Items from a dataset
*****

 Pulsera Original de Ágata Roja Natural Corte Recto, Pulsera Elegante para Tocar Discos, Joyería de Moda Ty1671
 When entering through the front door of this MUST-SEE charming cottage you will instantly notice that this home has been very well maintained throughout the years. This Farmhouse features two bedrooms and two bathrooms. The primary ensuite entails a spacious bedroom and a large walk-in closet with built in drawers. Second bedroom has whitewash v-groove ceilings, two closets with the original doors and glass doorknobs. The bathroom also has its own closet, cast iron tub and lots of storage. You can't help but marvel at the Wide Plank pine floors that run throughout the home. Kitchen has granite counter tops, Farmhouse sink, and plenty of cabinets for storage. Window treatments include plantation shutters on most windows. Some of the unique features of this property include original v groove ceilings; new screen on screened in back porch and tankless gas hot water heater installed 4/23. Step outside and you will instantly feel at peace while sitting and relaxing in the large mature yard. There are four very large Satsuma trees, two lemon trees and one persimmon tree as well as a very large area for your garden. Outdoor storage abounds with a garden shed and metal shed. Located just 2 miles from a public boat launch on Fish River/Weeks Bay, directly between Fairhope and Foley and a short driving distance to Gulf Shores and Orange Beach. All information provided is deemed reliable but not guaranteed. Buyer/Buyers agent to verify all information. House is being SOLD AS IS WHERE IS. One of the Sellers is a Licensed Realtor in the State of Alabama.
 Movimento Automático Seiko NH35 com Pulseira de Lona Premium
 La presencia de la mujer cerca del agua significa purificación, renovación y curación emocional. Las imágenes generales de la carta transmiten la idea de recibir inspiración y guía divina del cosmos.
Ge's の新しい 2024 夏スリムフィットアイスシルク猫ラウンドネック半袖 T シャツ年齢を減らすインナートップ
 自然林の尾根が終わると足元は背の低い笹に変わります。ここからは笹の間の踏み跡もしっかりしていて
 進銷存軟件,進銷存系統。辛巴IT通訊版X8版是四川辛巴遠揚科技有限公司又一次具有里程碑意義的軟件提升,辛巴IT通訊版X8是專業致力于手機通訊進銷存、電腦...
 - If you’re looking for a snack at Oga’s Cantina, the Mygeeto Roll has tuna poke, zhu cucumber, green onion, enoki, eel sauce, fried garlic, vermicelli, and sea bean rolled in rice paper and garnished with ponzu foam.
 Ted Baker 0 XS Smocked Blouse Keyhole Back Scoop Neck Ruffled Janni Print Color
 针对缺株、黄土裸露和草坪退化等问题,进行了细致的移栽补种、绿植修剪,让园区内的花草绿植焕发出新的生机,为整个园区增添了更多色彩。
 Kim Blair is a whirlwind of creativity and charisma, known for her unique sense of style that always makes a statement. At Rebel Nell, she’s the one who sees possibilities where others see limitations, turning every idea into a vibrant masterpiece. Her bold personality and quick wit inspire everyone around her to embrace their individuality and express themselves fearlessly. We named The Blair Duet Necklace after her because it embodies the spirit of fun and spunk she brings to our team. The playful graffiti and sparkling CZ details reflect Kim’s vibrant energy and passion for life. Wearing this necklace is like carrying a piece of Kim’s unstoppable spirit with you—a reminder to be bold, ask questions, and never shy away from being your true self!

*****

● **To do**: Produce a word-for-word copy of all the entries above.

● **Exercise output**:
 Pulsera Original de Ágata Roja Natural Corte Recto, Pulsera Elegante para Tocar Discos, Joyería de Moda Ty1671
 When entering through the front door of this MUST-SEE charming cottage you will instantly notice that this home has been very well maintained throughout the years. This Farmhouse features two bedrooms and two bathrooms. The primary ensuite entails a spacious bedroom and a large walk-in closet with built in drawers. Second bedroom has whitewash v-groove ceilings, two closets with the original doors and glass doorknobs. The bathroom also has its own closet, cast iron tub and lots of storage. You can't help but marvel at the Wide Plank pine floors that run throughout the home. Kitchen has granite counter tops, Farmhouse sink, and plenty of cabinets for storage. Window treatments include plantation shutters on most windows. Some of the unique features of this property include original v groove ceilings; new screen on screened in back porch and tankless gas hot water heater installed 4/23. Step outside and you will instantly feel at peace while sitting and relaxing in the large mature yard. There are four very large Satsuma trees, two lemon trees and one persimmon tree as well as a very large area for your garden. Outdoor storage abounds with a garden shed and metal shed. Located just 2 miles from a public boat launch on Fish River/Weeks Bay, directly between Fairhope and Foley and a short driving distance to Gulf Shores and Orange Beach. All information provided is deemed reliable but not guaranteed. Buyer/Buyers agent to verify all information. House is being SOLD AS IS WHERE IS. One of the Sellers is a Licensed Realtor in the State of Alabama.
 Movimento Automático Seiko NH35 com Pulseira de Lona Premium
 La presencia de la mujer cerca del agua significa purificación, renovación y curación emocional. Las imágenes generales de la carta transmiten la idea de recibir inspiración y guía divina del cosmos.
Ge's の新しい 2024 夏スリムフィットアイスシルク猫ラウンドネック半袖 T シャツ年齢を減らすインナートップ
 自然林の尾根が終わると足元は背の低い笹に変わります。ここからは笹の間の踏み跡もしっかりしていて
 進銷存軟件,進銷存系統。辛巴IT通訊版X8版是四川辛巴遠揚科技有限公司又一次具有里程碑意義的軟件提升,辛巴IT通訊版X8是專業致力于手機通訊進銷存、電腦...
 - If you’re looking for a snack at Oga’s Cantina, the Mygeeto Roll has tuna poke, zhu cucumber, green onion, enoki, eel sauce, fried garlic, vermicelli, and sea bean rolled in rice paper and garnished with ponzu foam.
 Ted Baker 0 XS Smocked Blouse Keyhole Back Scoop Neck Ruffled Janni Print Color
 针对缺株、黄土裸露和草坪退化等问题,进行了细致的移栽补种、绿植修剪,让园区内的花草绿植焕发出新的生机,为整个园区增添了更多色彩。
 Kim Blair is a whirlwind of creativity and charisma, known for her unique sense of style that always makes a statement. At Rebel Nell, she’s the one who sees possibilities where others see limitations, turning every idea into a vibrant masterpiece. Her bold personality and quick wit inspire everyone around her to embrace their individuality and express themselves fearlessly. We named The Blair Duet Necklace after her because it embodies the spirit of fun and spunk she brings to our team. The playful graffiti and sparkling CZ details reflect Kim’s vibrant energy and passion for life. Wearing this necklace is like carrying a piece of Kim’s unstoppable spirit with you—a reminder to be bold, ask questions, and never shy away from being your true self!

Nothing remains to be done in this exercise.